数百道身影如黑潮般涌来,为首之人正是方玉武。
他须发皆张,浑身散发着恐怖的威压,周身隐隐有紫黑色的罡气流转,已是神体境巅峰强者。
当他远远看到旗杆上那颗熟悉的头颅时,整个人如遭雷击,脚步猛地一顿。
“庆勇……我的儿。”
方玉武仰天长啸,声音凄厉如鬼哭,震得附近房屋瓦片簌簌掉落。
他猛地抬手,五指成爪,隔空就要将头颅摄来。
然而,一道透明的涟漪在半空荡开,罡气撞击在防护大阵上,发出“嗡”
的一声闷响,竟被生生弹了回去。
大阵纹丝不动。
方玉武脸色铁青,目光如刀,死死盯向院中那道身影。
“秦峰!”
他一字一顿,声音几乎是从喉咙深处挤出,“我方家与你无冤无仇,你为何要杀我儿,还如此羞辱?”

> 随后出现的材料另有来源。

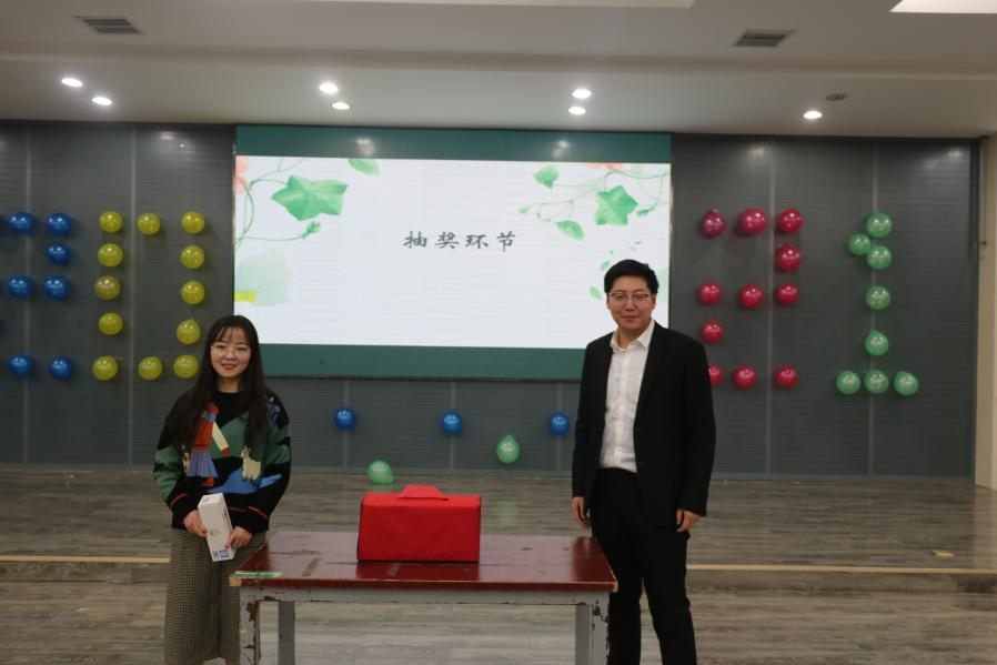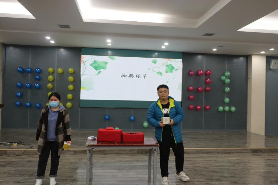 晚会进行的第一个游戏是你画我猜,游戏分为两组,每组四人,在三分钟内猜对词语最多的小组获胜。游戏开始,大家反应迅速,相互之间配合默契,形象生动的肢体动作,让人欢笑连连,最后,获胜的小组获得了小礼品,而失败的小组则接受了“黑暗”饮料的惩罚。

秦峰缓步走到阵法边缘,隔着光幕与方玉武对视,语气淡漠:“方家主还真会装无辜。”
“你儿子带人埋伏在南离城外三十里的树林中伏杀我,别告诉我这事你不知道。”
“想杀我,就要有被反杀的觉悟。
技不如人,被我一剑斩杀,有什么可怪的?”
方玉武胸口剧烈起伏,指着旗杆上的头颅,声音发颤:“那你将他头颅挂在这里示众,是何意思?”
秦峰负手,淡淡道:“也没什么特别的意思。
就是想让南离城所有人都了解一下情况。”
“方家贩卖人族修士,结果反被我格杀,尸首分离,挂在此处三天三夜,以儆效尤。”
此言一出,四周围观之人顿时哗然。
人群越聚越多,修士、散修、商贾、甚至一些小家族的家主都远远围观,窃窃私语。
“方家这次踢到铁板了。”
“新来的镇守大人好狠的手段。
直接把方家少主的头挂旗杆上,这脸打得……啪啪响啊。”
“以前的镇守哪个不是被方家捏着鼻子走?这个秦峰不一样,一来就挑了方家的商会,现在又宰了他们的天骄……痛快。
太痛快了。”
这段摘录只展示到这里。